Accuracy, recall, average accuracy, F1 score are defined as follows:

the accuracy represents the correct proportion of all the predicted frames, and the recall rate represents the proportion of the target which is correctly positioned and identified to the total target number. The AP and F1 scores are used to measure the balance between accuracy and recall. The accuracy is calculated as the average value of the accuracy of the recall in the interval of 0 to 1, the F1 fraction is the harmonic average of the recall and the F1 fraction, and the higher the two values are, the better the detection performance is.

Table 1 experimental results

The specific implementation of the SAR image target detection method based on the multistage Laplacian pyramid denoising network in SAR ship detection is completed.

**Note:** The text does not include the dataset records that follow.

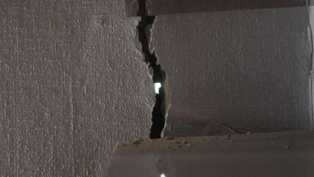 «Я приехала с моря в понедельник и уже в подъезде увидела, что начали появляться маленькие трещинки. У меня даже дверь перестала нормально открываться, ее перекосило. Через день-два трещины расширились. В четверг прихожу домой и вижу эти огромные трещины, сегодня – уже и потолок начал обваливаться, – рассказывает жительница квартиры Влада Макушина. – За день трещины выросли с 9 миллиметров до почти 4 сантиметров!».
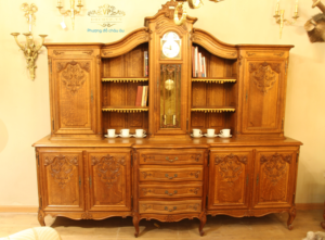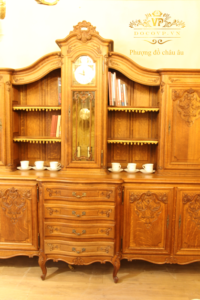 Đồng hồ tủ sách bằng gỗ sồi bầy đồ châu âu, tủ được thiết kế kiểu cổ điển. Các chi tiết hoa văn được chạm khắc tinh xảo.
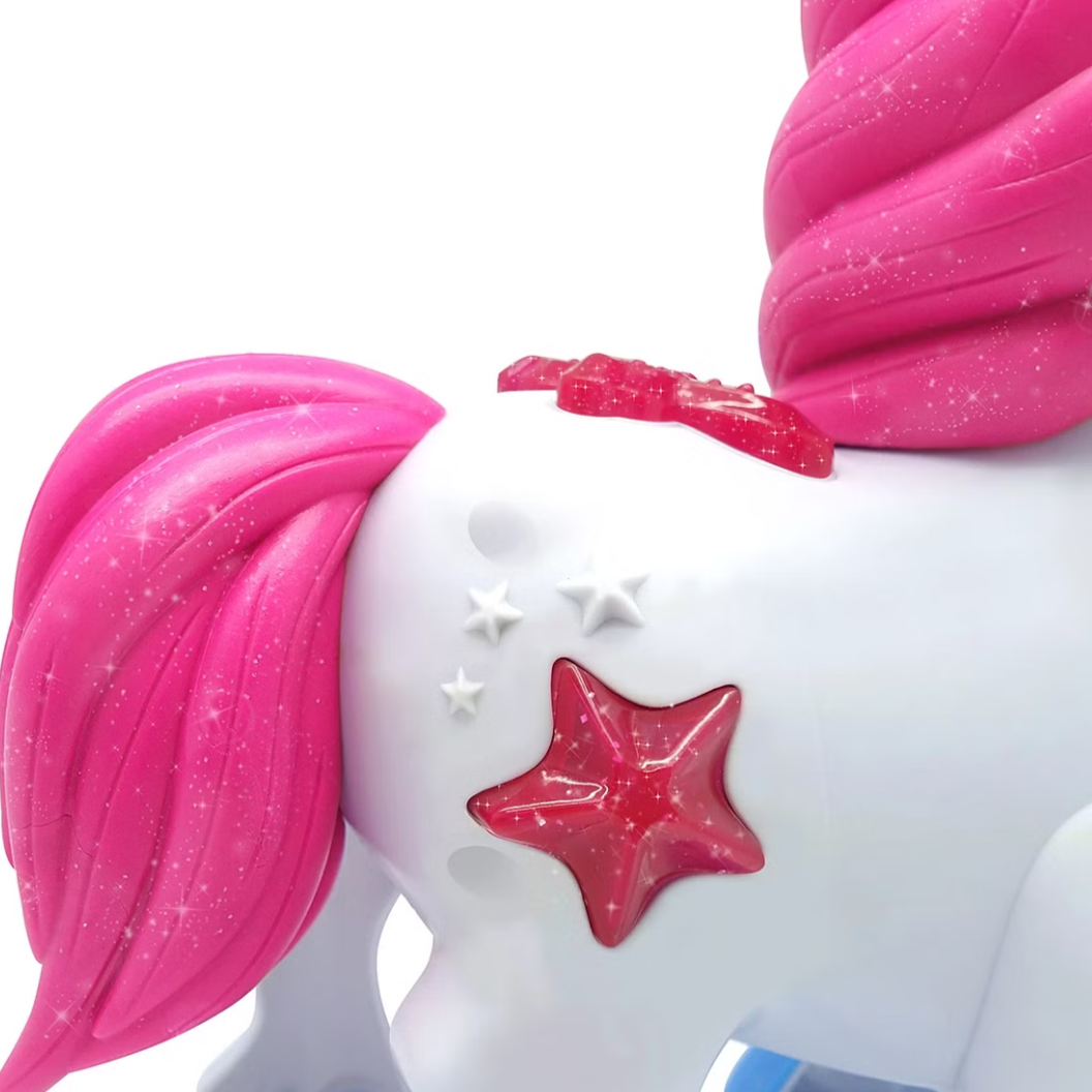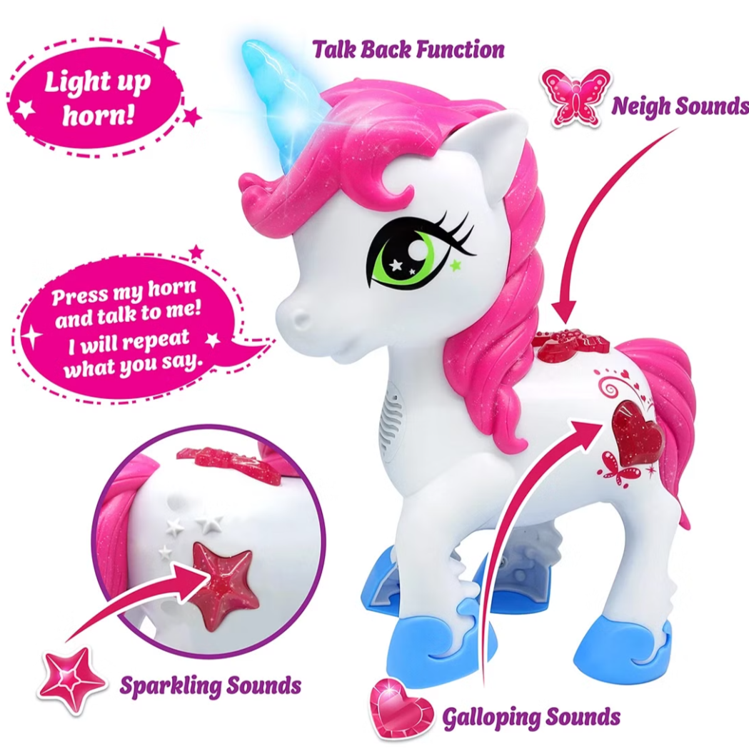 Have hours of fun with this Touch & Talk Little Unicorn .Features a talk back function, neighing, galloping and sparkling sounds. .Perfect for kids who adore unicorns.
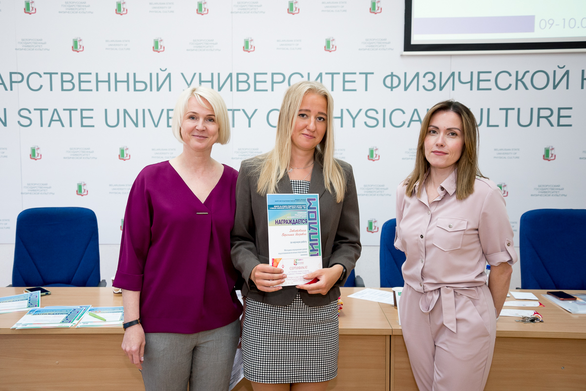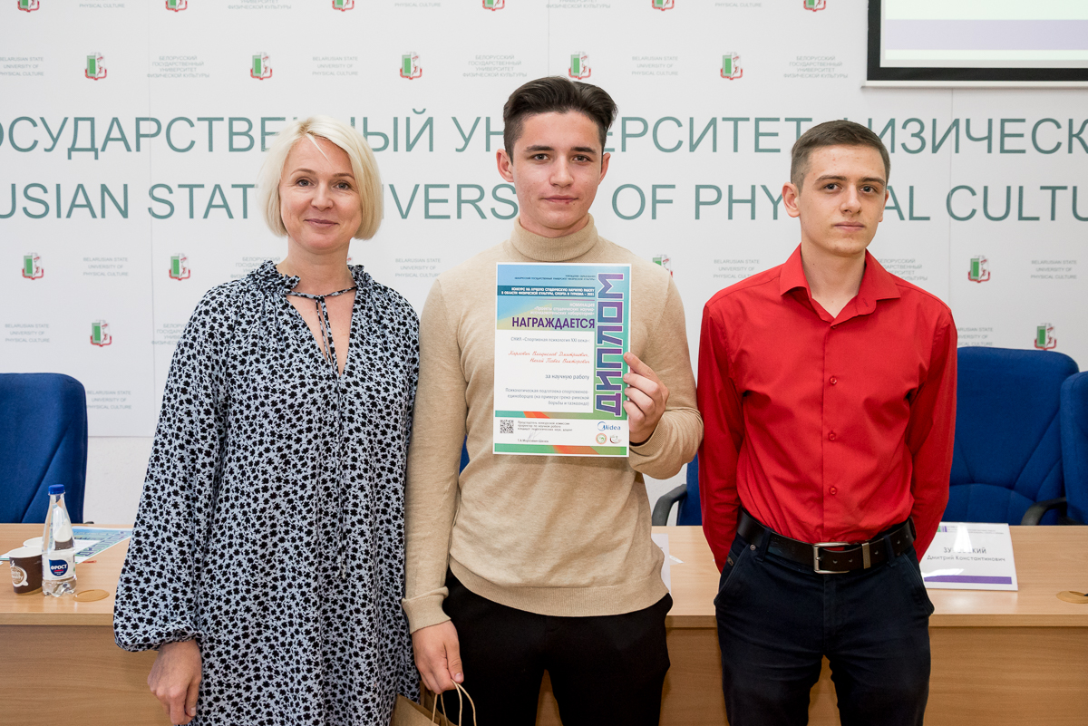 1-е место – Смоляр Анна Сергеевна, научная работа «Развитие скоростно-силовых способностей в прыжках на акробатической дорожке с учётом индивидуально-психологических особенностей личности», СПФ МВС, научный руководитель – Мацюсь Наталья Юрьевна;

The foregoing is a preferred embodiment of the present invention, and the present invention should not be limited to the embodiment and the disclosure of the drawings. All equivalents and modifications that come within the spirit of the disclosure are desired to be protected.

Claims

1. The SAR image target detection method based on the multistage Laplacian pyramid denoising is characterized by relying on a multistage Laplacian pyramid denoising end-to-end SAR image target detection model comprising a denoising network, a feature fusion module and a target detection network: lpdnat; the target detection method comprises the following steps:

s22, constructing a feature fusion module;

s23, constructing a target detection network based on an attention mechanism;

s4: the target detection stage specifically comprises the following steps:

2. The SAR image target detection method based on multistage Laplacian pyramid denoising according to claim 1, wherein S1 the target detection data set is obtained by downloading a corresponding existing data set according to a target detection task;

3. The method for detecting the SAR image target based on the multi-level Laplacian pyramid denoising according to claim 2, wherein the feature fusion module in S22 fuses the original image, the Laplacian pyramid decomposed first-layer high-frequency subband image 1 and the denoised image through stacking to obtain a fusion feature map;

4. The method for detecting the target of the SAR image based on the multi-level Laplacian pyramid denoising according to claim 3, wherein S23 introduces a CBAM module into a feature fusion part of a Yolox-tiny network; the CBAM module comprises a plurality of global pooling layers, a maximum pooling layer and a convolution layer; and inputting the fusion feature map obtained by the feature fusion module into an attention mechanism-based target detection network, namely connecting the Laplacian pyramid denoising network and the attention mechanism-based target detection network through a feature fusion part, and constructing the LPDNet.